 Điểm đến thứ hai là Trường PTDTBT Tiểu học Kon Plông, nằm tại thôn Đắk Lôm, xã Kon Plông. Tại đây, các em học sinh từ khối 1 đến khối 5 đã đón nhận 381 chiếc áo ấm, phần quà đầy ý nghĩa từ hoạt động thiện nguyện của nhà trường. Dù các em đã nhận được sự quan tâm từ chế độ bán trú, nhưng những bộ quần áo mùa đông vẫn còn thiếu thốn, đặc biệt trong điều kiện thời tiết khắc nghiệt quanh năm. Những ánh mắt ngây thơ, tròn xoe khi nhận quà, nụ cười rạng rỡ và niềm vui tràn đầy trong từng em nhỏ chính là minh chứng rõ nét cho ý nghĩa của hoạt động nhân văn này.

_ _ _ _

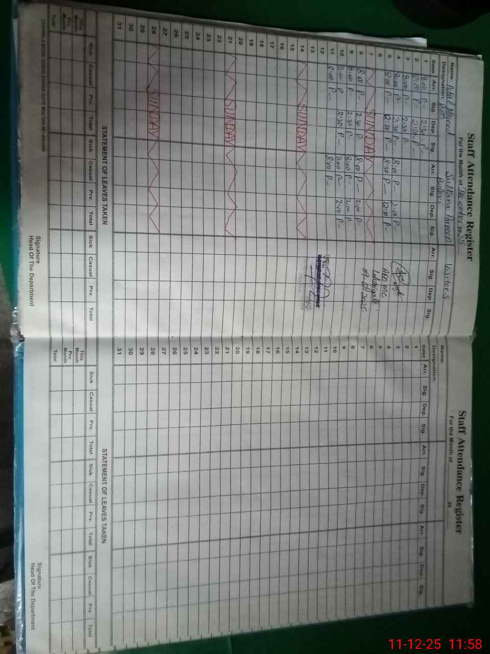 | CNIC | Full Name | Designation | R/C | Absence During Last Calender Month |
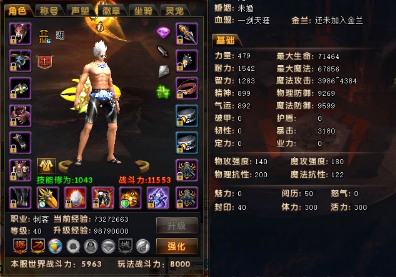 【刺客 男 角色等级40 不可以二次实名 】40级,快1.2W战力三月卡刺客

_ _ _ _

Activity —
Take the material above from the line containing "Calender Month |" up to and including the line containing "角色等级40 不可以二次实名 】40级,快1.2W战力三月卡刺客" and retype it exactly, without any pictures.

Final answer —
 | CNIC | Full Name | Designation | R/C | Absence During Last Calender Month |
 【刺客 男 角色等级40 不可以二次实名 】40级,快1.2W战力三月卡刺客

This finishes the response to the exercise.